Wednesday, September 14, 2011

Movies, movies, movies

Wow, it's been ages since I posted anything. Not much to say, occupying myself with other things, etc., etc.

Well, this one's about movies. A friend arranged with me to go out last night to a restaurant he found a while ago and we both like... imagine a gourmet greasy-spoon. Sandwiches and pub fare, meals largely under $10, but Beamers and Lexuses parked out front. I am not joking. Anyway, movies. I suggested we take in a movie afterward, and he approved the choice I threw at him. Back to this in a moment.

In the lead up to the movie, there were promos for five others. One sucked; one might be worth seeing, but to my surprise, three really peaked my interest. Of the three, two include George Clooney, two include Philip Seymour Hoffman, and one includes Brad Pitt. These are The Descendants, The Ides of March. and Moneyball. It's been a long, long time since I've haunted the theatres, but it looks like there are some solid cinematic reasons to line up and grab a seat this fall. I'm mostly writing these down here so I don't forget.

The Debt

Okay... the movie we went to see was The Debt. It's the story of three former Massad agents who undertook a mission in the mid-1960s, and how it is affecting their lives in the late 1990s. Helen Mirren stars in it, and for me, that means you can't go wrong.

SPOILER ALERT

Don't read any further if you don't want to know what happens.

The movie opens in 1997 when the Sarah, the daughter of two of agents (now divorced) is launching a book about her parents' mission, the story of which is a failed success: failing to bring a Nazi war criminal to justice, her mother, Rachel, managed to shoot him and prevent his escape. Things begin to go wrong when the third agent, about to be driven to the book launch, opts to step in front of a truck instead.

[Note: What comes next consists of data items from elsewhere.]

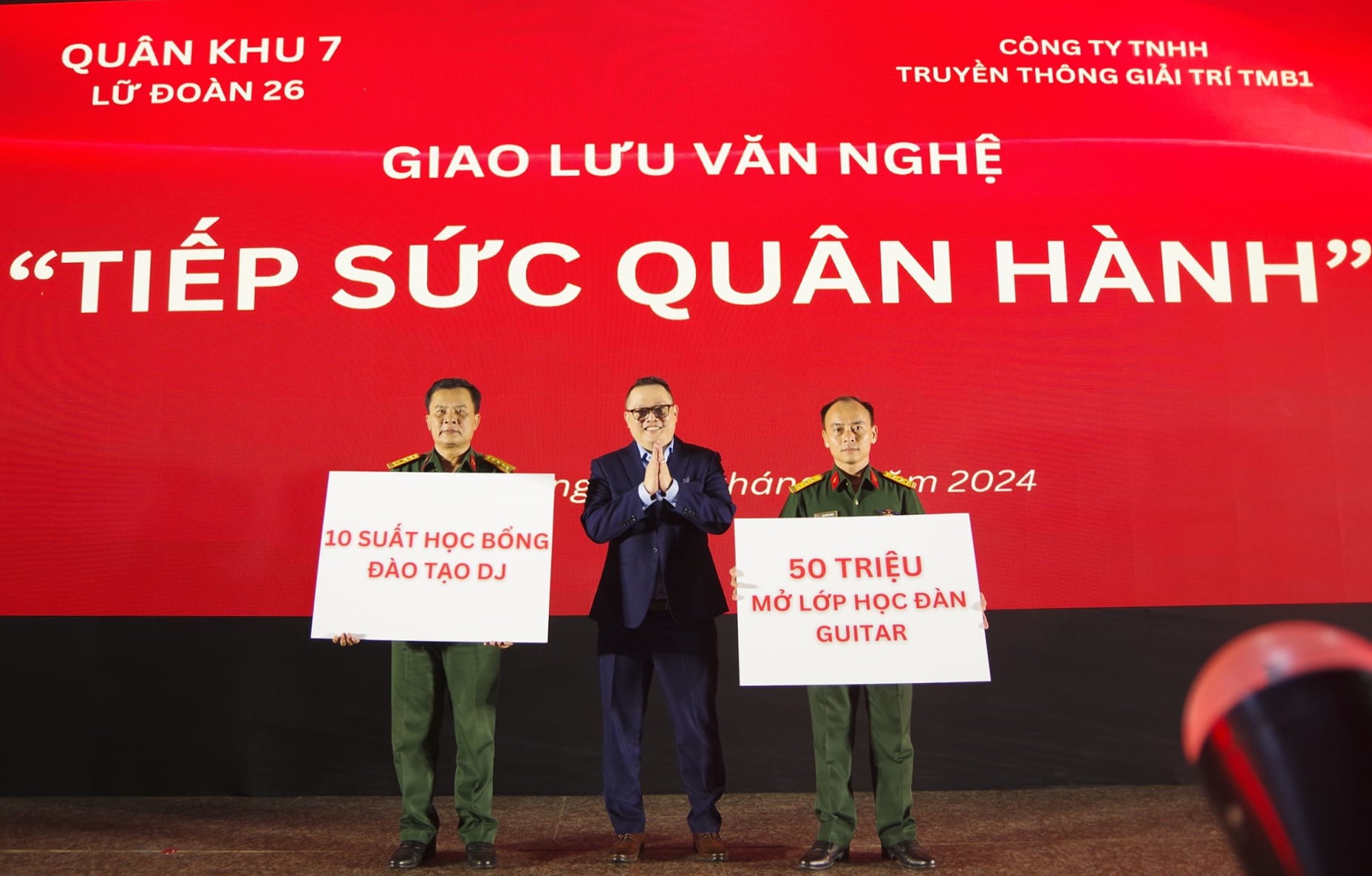 Tại đêm giao lưu, Công ty TNHH truyền thông và giải trí TMB1 tặng 10 suất học bổng (trị giá 30 triệu đồng/xuất) đào tạo âm nhạc cho chiến sĩ xuất ngũ năm 2024 và tặng 50 triệu đồng hỗ trợ Lữ đoàn 26 mở lớp học đàn Ghi ta cho cán bộ chiến sĩ.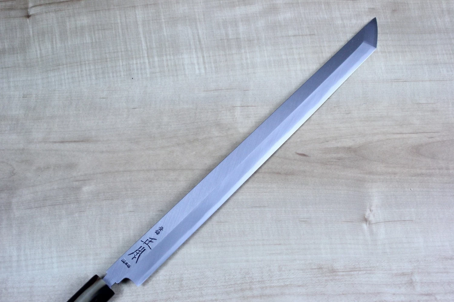 The Sakimaru Takohiki is a variation of the Yanagiba and Takohiki, and is used for much the same purposes. Sakimaru Takohiki is easily identifiable by their blade tips, which look similar to that of a Katana. Their blades have a straight spine similar to the Takohiki, and a slightly curved edge like the Yanagiba, resulting in a knife, which looks somewhat like a combination of the two.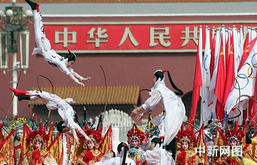 3月31日,北京奧運會圣火歡迎儀式暨傳遞啟動儀式在北京天安門廣場啟動。圖為儀式現場。中新社發 張宇 攝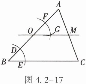 18. (★★)(2024·长春)如图 4.2-17,在中,是边的中点。按下列要求作图:①以点为圆心、适当长为半径画弧,交线段于点,交于点;②以点为圆心、长为半径画弧,交线段于点;③以点为圆心、长为半径画弧,交前一条弧于点,点与点在直线同侧;④作直线,交于点。下列结论不一定成立的是【 】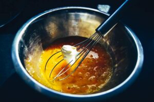 Das Ei 1-2 Minuten stocken lassen und dann mit einem Holzlöffel etwas hin und herschieben und rühren

The action moves to 1965, Rachel, David, and Stefan, the agents in question, are sent to East Berlin to complete the investigation of a suspected Nazi criminal, Vogel, the "Surgeon of Birkenau", and, if the target proves to be him, to kidnap him and return him to Israel to stand trial. Rachel and David pretend to be a married couple trying to conceive as a ruse to get close to their target, who is now a gynecologist. Rachel and David develop feelings for one another but David balks, and Rachel turns to Stefan.

Meanwhile, the doctor's identity is confirmed, and the plan goes into action. Rachel injects the doctor during an examination and, in the guise of an ambulance crew coming to the rescue, David and Stefan abscond with the doctor. The plan is use a "ghost station", one of the pre-WWII transit stations West German trains may pass through but not stop at, to hustle Vogel out of East Berlin to Tempelhof Airport and out of Germany. The plan goes wrong, an East German border guard is killed, and three have to retreat to their flat with Vogel and hope for some other means of getting out.

In the interim, Vogel works on his captors, causing tension between them, and finally manages to free himself. But this time, we learn that Rachel did not manage to rise and shoot him at the last moment. Vogel escaped. The three realize that Vogel will simply disappear. Deciding that Israel "cannot be seen to fail" as a means to justify their own failure, they agree to say that Rachel shot Vogel to prevent his escape, and that they disposed of the body. And so the story goes for 30 years, the foundation of their reputations and careers.

This doesn't sit well with David. After a few years, and a long affair with Rachel, he announces his is leaving. 25 years later, he returns, and reveals to Rachel that Vogel has apparently turned up in mental hospital in Kiev. Hoping to relieve his burden, he suggests telling the truth. Rachel argues that the fiction has to be maintained for her daughter's sake. The following day, David kills himself.

Stefan, wheelchair-bound, convinces Rachel to go to Kiev and murder Vogel before he can talk to a reporter who has taken an interest in the strange old man's story. Through some astute intelligence work, she locates the man, but realizes he simply is a crazy old man and not Vogel. She phones Stefan to tell him so, but also that she has reached the same conclusion as David. She hangs up on him and leaves a note for the reporter, who is only steps behind her, that tells all.

And there the movie should have ended. But it doesn't. At this point, the script was apparently hijacked by high school boys, because at the last moment, Rachel sees someone disappear through a door, and follows to an abandoned part of the hospital, where she is attacked with scissors by none other than Vogel himself, whom she, in turn, dispatches with the syringe of poison she had brought with her for the mission. The last 90 seconds of the movie take a wonderful film about truth, redemption, keeping the faith with friends, and a mature worldly recognition that sometimes the bad guy gets away, and tosses it instead to an audience with a colouring book appreciation of morality. What a shame. What a real shame. It is the fatal flaw in an otherwise exceptional and starkly honest story.

2 comments:

MV said...

What was the restaurant?

Lone Primate said...

A place called Goody's southeast of Warden and Eglinton.